### Task goal
Take every line containing "skal" from the material and copy it.

### Data section

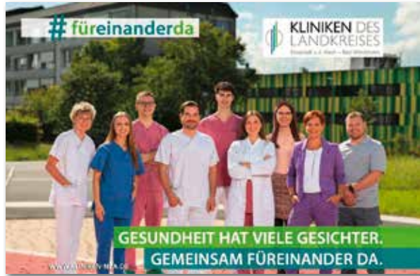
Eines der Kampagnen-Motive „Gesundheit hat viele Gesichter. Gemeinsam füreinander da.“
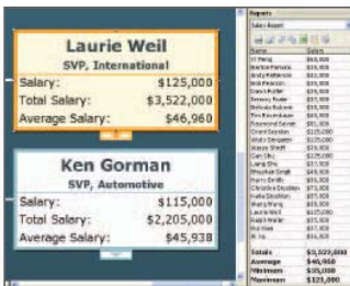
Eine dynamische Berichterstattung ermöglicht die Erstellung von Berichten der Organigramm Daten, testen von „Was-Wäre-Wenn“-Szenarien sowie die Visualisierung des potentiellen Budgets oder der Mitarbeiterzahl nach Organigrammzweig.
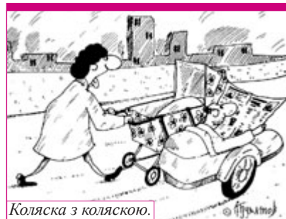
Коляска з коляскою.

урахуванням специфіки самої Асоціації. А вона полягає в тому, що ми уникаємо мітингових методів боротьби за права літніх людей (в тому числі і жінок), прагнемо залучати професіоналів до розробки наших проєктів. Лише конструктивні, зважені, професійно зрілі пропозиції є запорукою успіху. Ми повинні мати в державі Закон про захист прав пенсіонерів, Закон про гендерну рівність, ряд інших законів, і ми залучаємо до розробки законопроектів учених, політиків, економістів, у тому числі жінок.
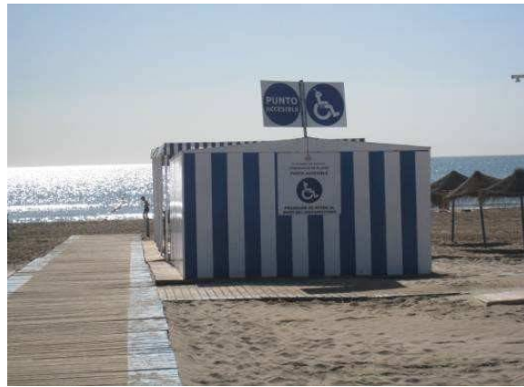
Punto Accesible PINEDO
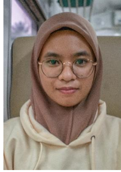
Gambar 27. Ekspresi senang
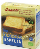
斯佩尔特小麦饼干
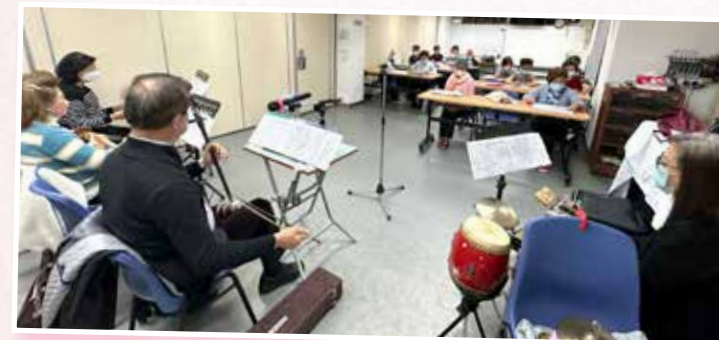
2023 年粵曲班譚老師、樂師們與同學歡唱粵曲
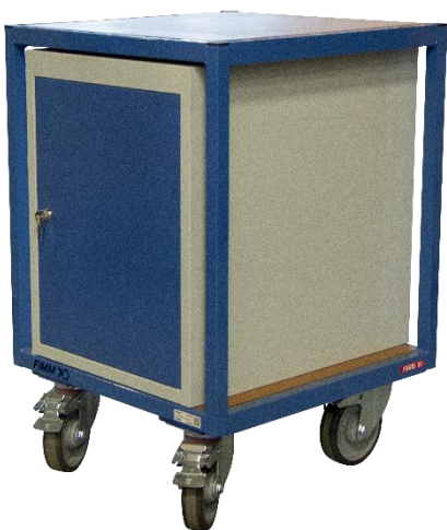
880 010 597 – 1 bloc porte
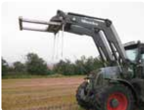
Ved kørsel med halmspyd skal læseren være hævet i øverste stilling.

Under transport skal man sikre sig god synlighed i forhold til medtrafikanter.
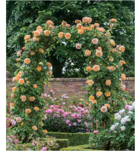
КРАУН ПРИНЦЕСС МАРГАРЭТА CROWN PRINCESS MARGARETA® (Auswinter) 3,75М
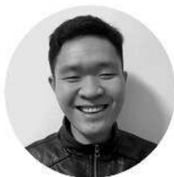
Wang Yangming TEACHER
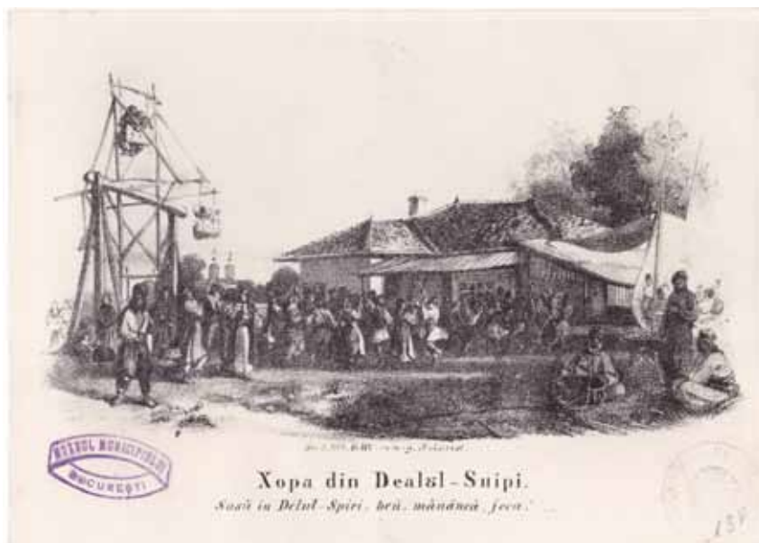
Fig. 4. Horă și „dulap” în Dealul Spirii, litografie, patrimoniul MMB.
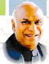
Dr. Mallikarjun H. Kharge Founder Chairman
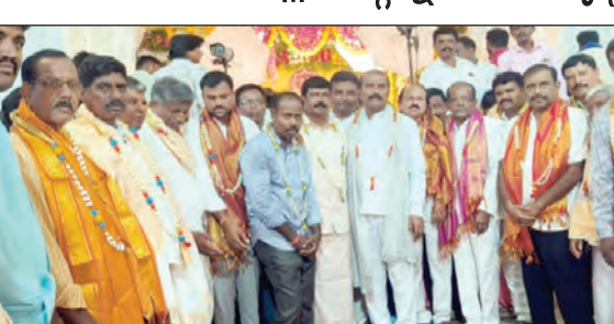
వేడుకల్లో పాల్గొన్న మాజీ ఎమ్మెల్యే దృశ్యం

### Final answer
Ved kørsel med halmspyd skal læseren være hævet i øverste stilling.
Under transport skal man sikre sig god synlighed i forhold til medtrafikanter.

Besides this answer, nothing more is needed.